Supplementary Fig. S9 
PXRD pattern of dark brown intermediate product (solid circles) with Pawley refinement to BiSI (red line); Rwp = 42.0746, GoF = 4.7876. The poor fitting confirms that the dark brown product is not BiSI. Data obtained by Elita Tmava and Eilidh Quinn. 

Supplementary Fig. S10 
Infrared spectrum of the orange precipitate showing no distinct functional group features. Data obtained by Elita Tmava and Eilidh Quinn. 

Supplementary Fig. S11
a, SEM image of the thin film prepared. Data obtained by Shiling Dong. 
b, close-up to show the two different sized microstructures in greater detail. Data obtained by Shiling Dong. 
c, SEM image of the part of the thin film sample that underwent EDX measurements, with the regions spectra were taken from indicated. Data obtained by Shiling Dong. 

Supplementary Table S3 
Elemental composition for each spectrum identified in Figure S11. Spectrum 1, which is located on the micron-sized crystal, has a Bi:S ratio of 1:1.2, which is close to that of Bi2S3, albeit with I-based species included (see comment in Supplementary Note 2). Spectrum 2 and 3 are from the smaller-sized microfeatures and have no S present.
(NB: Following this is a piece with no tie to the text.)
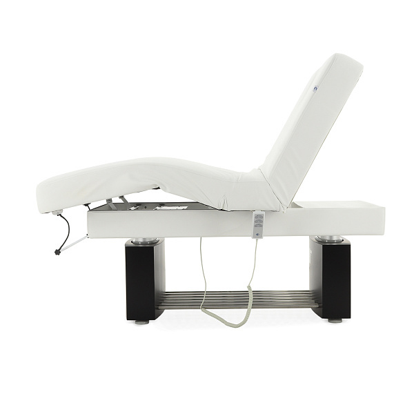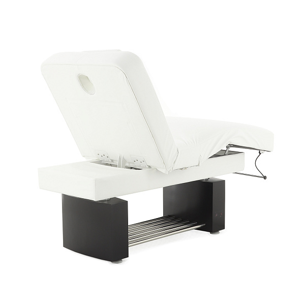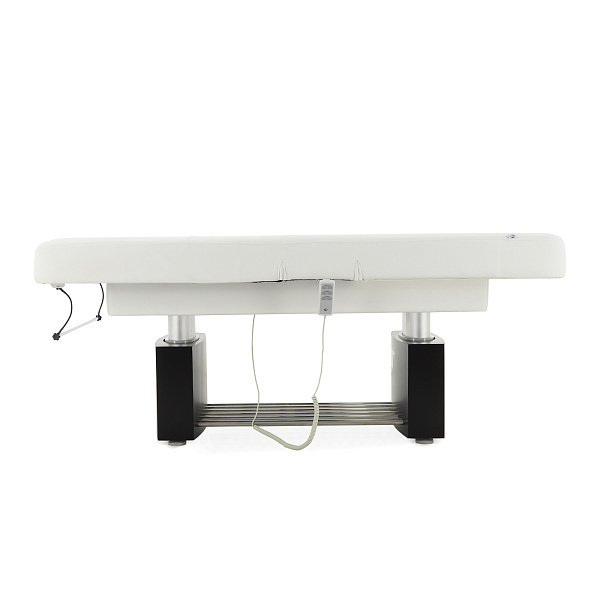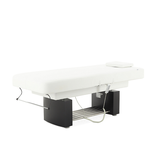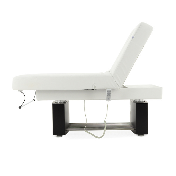 Ложе выполнено из упругого и мягкого пенополиуретана толщиной 14 см, материал прекрасно адаптируется к форме тела клиента. Поверхность стола обита экокожей винил-люкс – универсальным покрытием, которое легко моется и очищается от загрязнений.
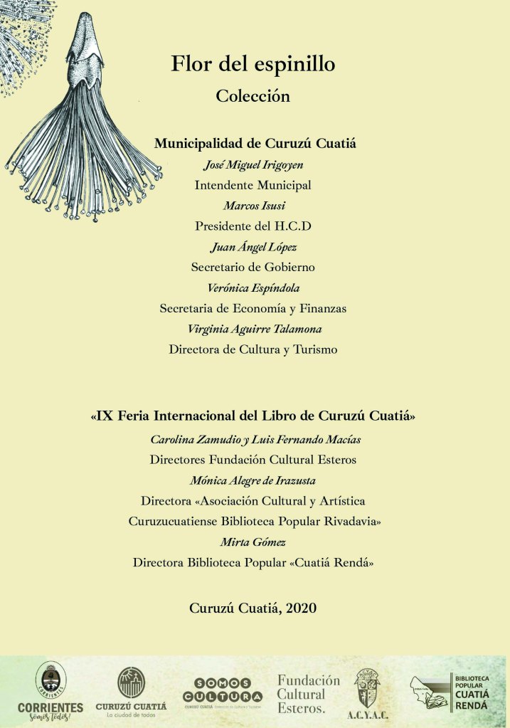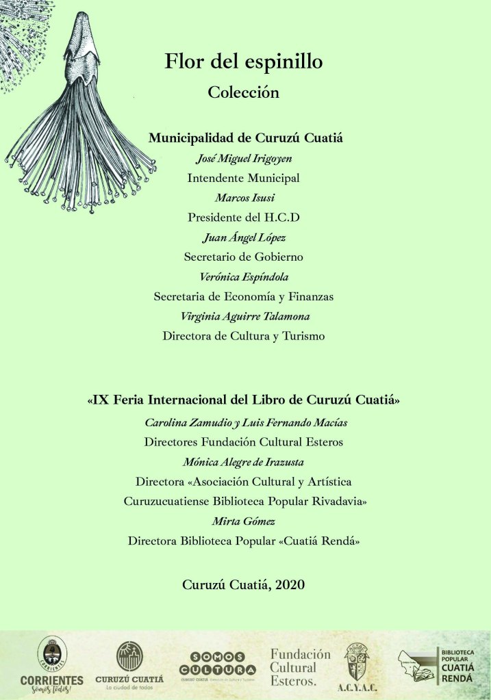 Con mucho entusiasmo presentamos la “Colección Flor del Espinillo”, conformada por veinte libros digitales dobles. Participan de ella treinta y nueve autores de diecinueve países y, particularmente, de la provincia de Corrientes, Argentina, sede virtual del “Encuentro Esteros” y de la “Novena Feria Internacional del Libro de Curuzú Cuatiá”.

In all cases, Cl was not observed in the film. Data obtained by Elita Tmava and Shiling Dong. 

Supplementary Fig. S12
EDX elemental analysis results and typical fitted EDX spectra of (a) Bi2S3 and (b) BiCl3. Carbon and oxygen elements are involved in the fitting of the spectra, but excluded from the elemental analysis because they mainly come from the carbon tape and adventitious contaminants. Data obtained by Shiling Dong.